Share Designation of Series C Senior Convertible Preferred Shares
Exhibit 4.1
1847 HOLDINGS LLC
SHARE DESIGNATION
OF
SERIES C SENIOR CONVERTIBLE PREFERRED SHARES
(no par value per share)
The undersigned duly authorized officer of 1847 Holdings LLC, a Delaware limited liability company (the “Company”), hereby certifies, pursuant to the authority conferred upon the board of directors of the Company (the “Board”) by Section 3.3(b) of the Second Amended and Restated Operating Agreement of the Company, dated January 19, 2018 (as such may be amended, modified or restated from time to time, the “Operating Agreement”), that the Board adopted a resolution on August 16, 2024 which creates a series of preferred shares of the Company as follows:
RESOLVED, that pursuant to the authority vested in the Board in accordance with the provisions Section 3.3(b) of the Operating Agreement, a series of preferred shares is hereby created and that the designation and number of shares of such series and the voting powers, designations, preferences, and relative, participating, optional or other rights and the qualifications, limitations, and restrictions thereof, are as set forth in the Operating Agreement and this Share Designation, as it may be amended from time to time, as follows:
1. Definitions. For the purposes hereof, the following terms shall have the following meanings:
“Allocation Shares” means any of the Company’s Allocation Shares, as defined in the Operating Agreement.
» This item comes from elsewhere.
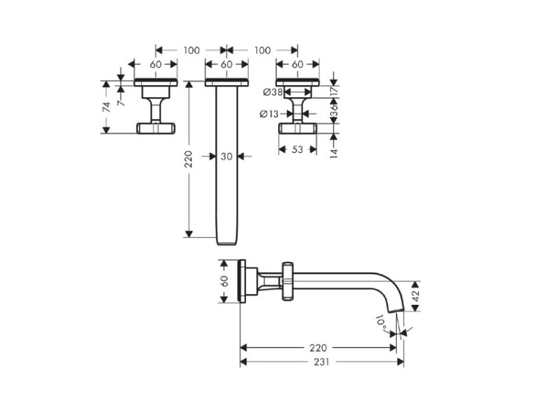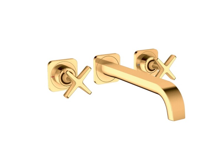 Смеситель для раковины, Hansgrohe, Axor Citterio E, тип открывания воды-двухвентильный, тип регулирования воды-керамический картридж, тип установки-настенный, отверстия для монтажа-3, вынос излива, мм-220, внутренняя часть-необходимо заказать, цвет-полированное золото Смеситель для раковины, Hansgrohe, Axor Citterio E, цвет-полированное золото

“Business Day” means a day on which the New York Stock Exchange is open for trading and which is not a Saturday, Sunday, or other day on which banks in New York City are authorized or required by law to close.
“Common Shares” means any of the Company’s Common Shares, as defined in the Operating Agreement.
“Liquidation” means any liquidation, dissolution or winding up of the Company’s affairs, whether voluntary or involuntary; provided, however, that none of (i) a consolidation or merger of the Company with one or more Persons, individually or in a series of transactions, (ii) a sale, lease or transfer of all or substantially all of the Company’s assets or (iii) a statutory share exchange shall be deemed to be a Liquidation.
“Person” means natural persons, companies, limited liability companies, unlimited liability companies, limited partnerships, general partnerships, limited liability partnerships, joint ventures, trusts, land trusts, business trusts, or other organizations, irrespective of whether they are legal entities, and governments and agencies and political subdivisions thereof.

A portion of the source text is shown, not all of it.